Can a Veteran receive both VA benefits and Social Security benefits at the same time? It depends on the type of benefits being paid by each agency. A Veteran is eligible to receive both Social Security Disability Insurance (SSDI) and service connected disability from the VA. However, if a Veteran is receiving a Social Security Pension (SSI), then there will be an offset for VA service-connected disability pay. When a Veteran qualifies for both VA service connection compensation and SSI, then the VA will ask the veteran to choose.
Note that a Veteran cannot receive VA Pension and Social Security Insurance (SSI) simultaneously (because they are both financial needs-based programs). Typically, however, VA pension payments are higher.
If a veteran passes away, do his benefits automatically go to his surviving spouse? No, a Veteran’s monthly VA benefits do not automatically pass to his or her surviving spouse. But, if a Veteran passes away while their claim or appeal for VA service connection benefits is still pending, then a surviving spouse may be eligible to be substituted in place of the late-Veteran and continue to pursue his VA benefits.
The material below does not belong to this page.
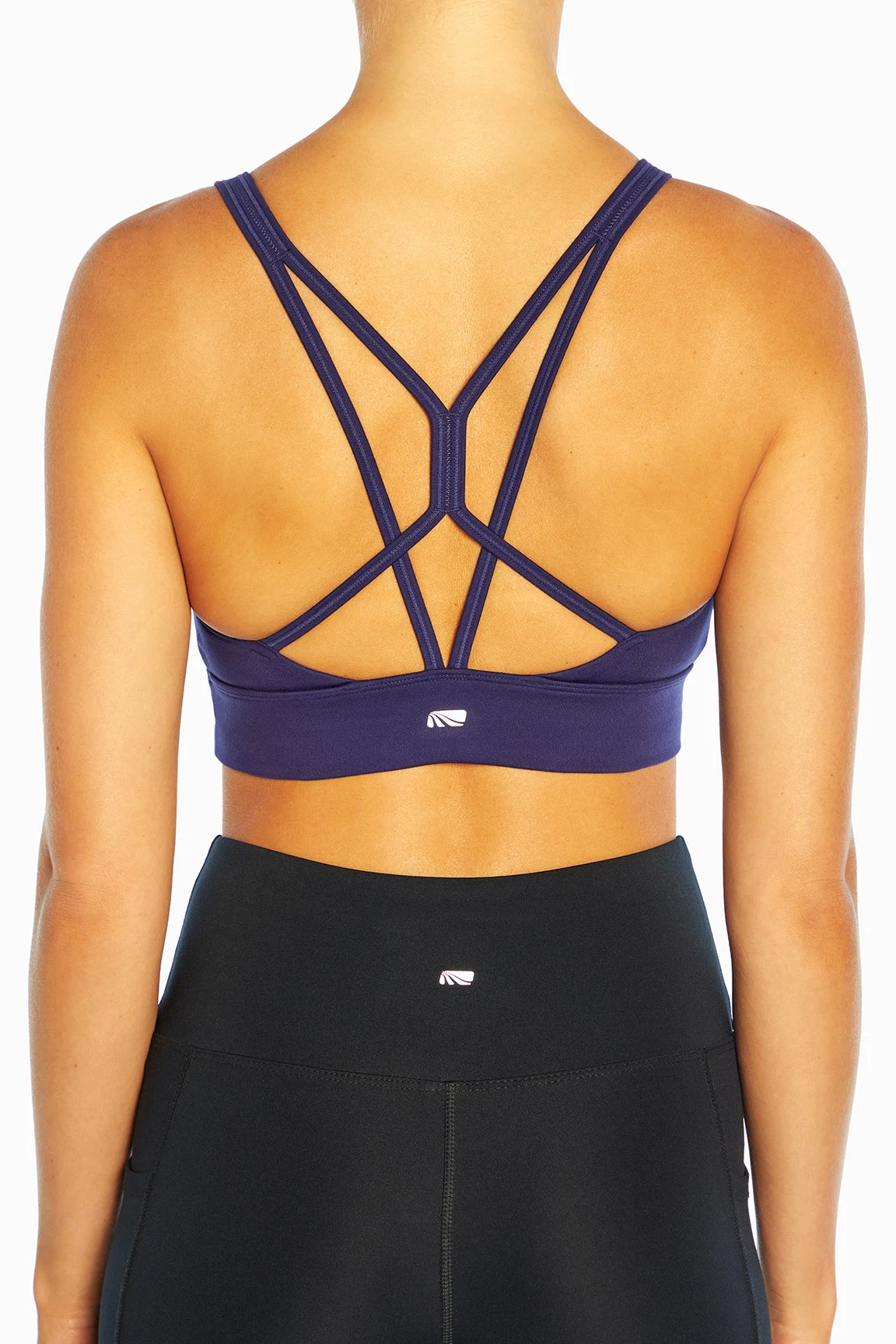 Designed to provide medium-impact support, this racerback sports bra is brushed inside and out for softness and features strappy details and a moisture-wicking finish.
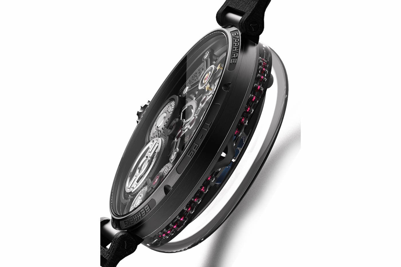 - The B027 Perigee featuring Behrens’ first in-house movement is equipped with a ruby chain hour display system to minimise friction, improve overall efficiency and avoid energy loss. A dome-shaped globe represents the day/night indication, while a new Moon-tracking system represents the satellite orbiting the dial.

In addition, an eligible surviving spouse may receive death benefits (known as Dependency and Indemnity Compensation (DIC)) if they are able to show that the medical condition that caused the Veteran’s death is related to military service.
How does an eligible survivor of a deceased veteran qualify for VA benefits? A Veteran’s spouse may qualify for Dependency Indemnity Compensation (DIC) benefits if: 1) the cause of the Veteran’s death was due to service, 2) a veteran’s death resulted from a non service-related injury or disease and the Veteran was receiving, or was entitled to receive, VA Compensation for service-connected disability that was rated as totally disabling for at least 10 years immediately before death, 3) the Veteran was receiving the total disability for at least five years following his or her release from active duty immediately preceding death, or, 4) the Veteran was a former prisoner of war who died after September 30, 1999, and was receiving benefits for at least one year prior to death.